## Exercise goal
Write out nothing but the lines from the one containing "内野纯棉/莫代尔男士四角内裤精梳棉纯棉内裤" through the last line below, both included, and without the pictures.

## Dataset excerpt

----

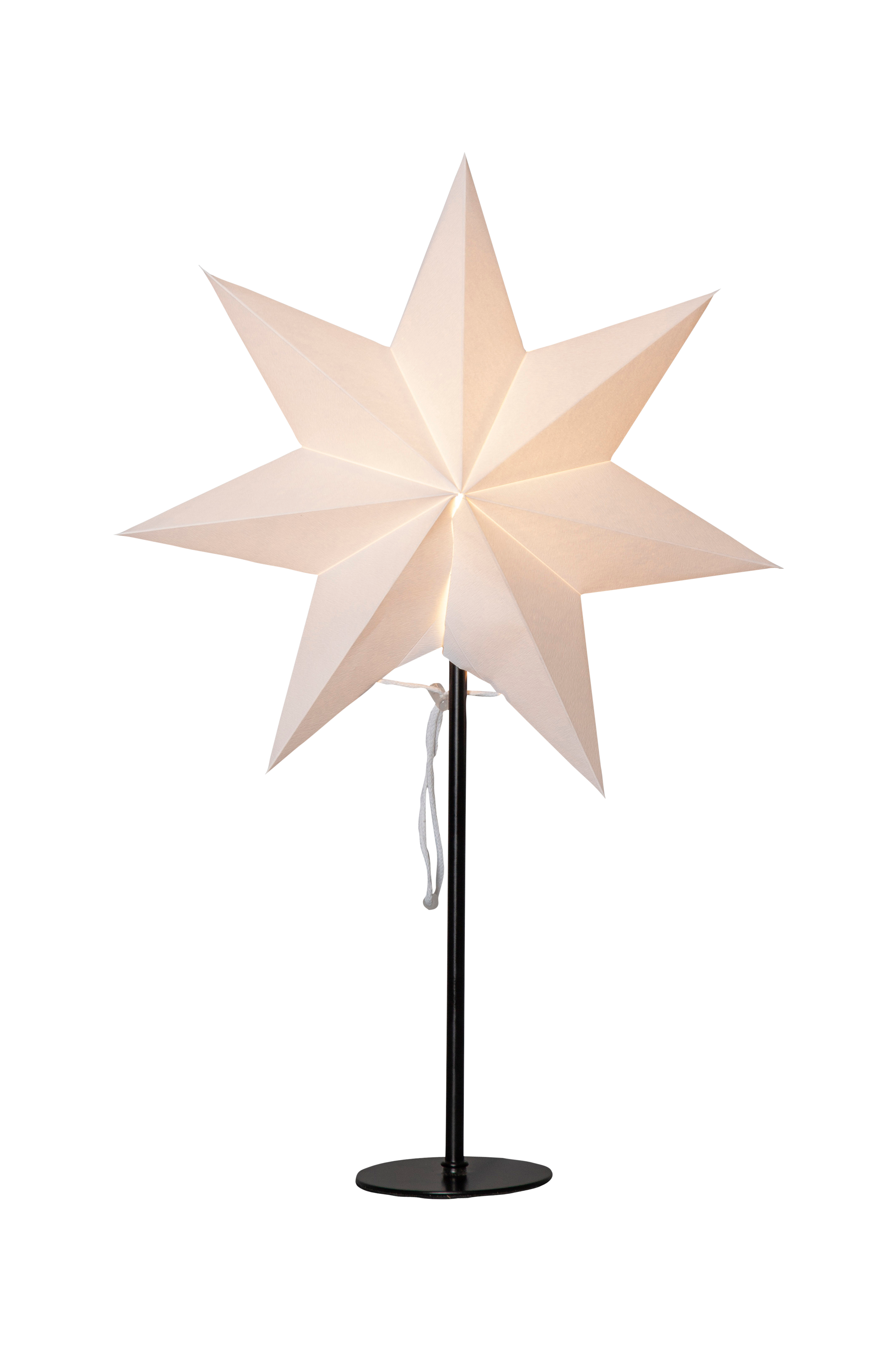 Stjärna med svart fot. Elegant juldekoration, lätt att placera och passar perfekt i ett fönster eller på ett sideboard. Stjärnan har plats för en ljuskälla. Höjden är 55 cm.
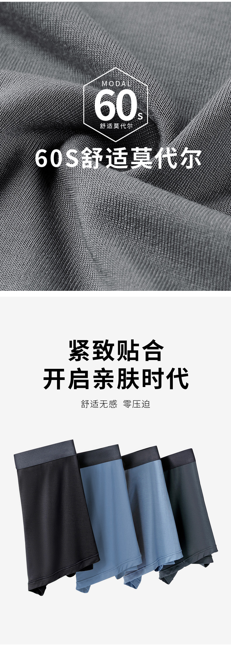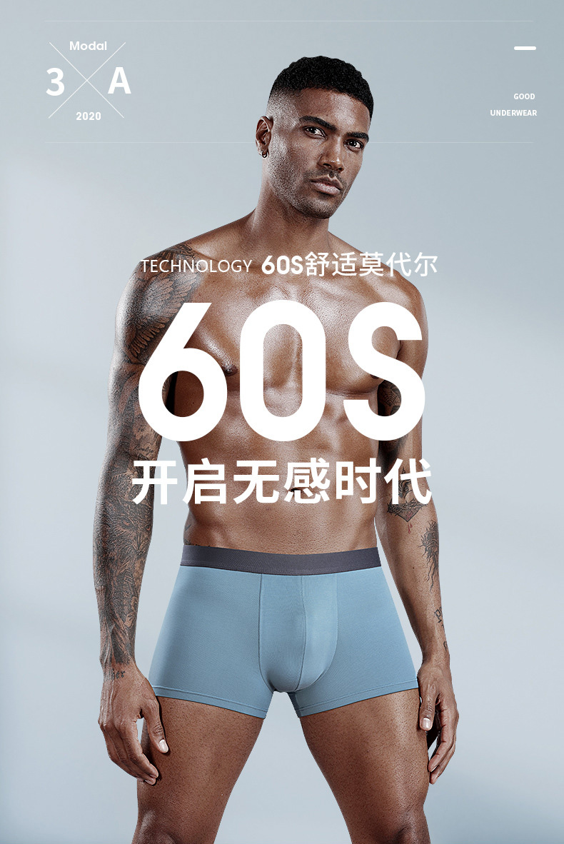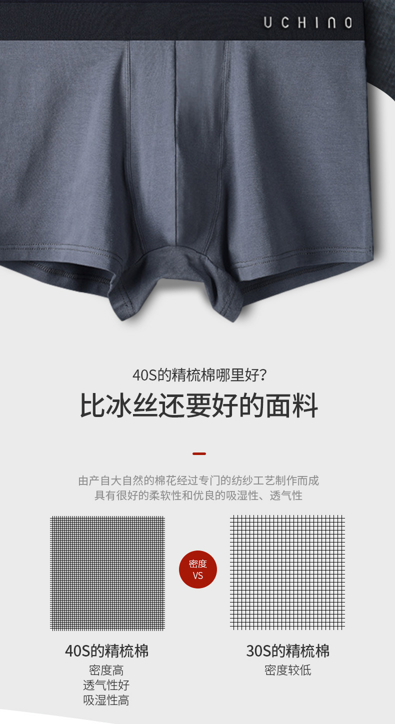 内野纯棉/莫代尔男士四角内裤精梳棉纯棉内裤
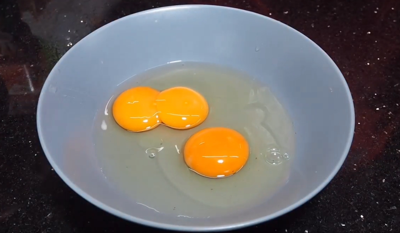 ตอกไข่ไส่ถ้วย แล้วตีให้เข้ากัน

----

## Result of the task
 内野纯棉/莫代尔男士四角内裤精梳棉纯棉内裤
 ตอกไข่ไส่ถ้วย แล้วตีให้เข้ากัน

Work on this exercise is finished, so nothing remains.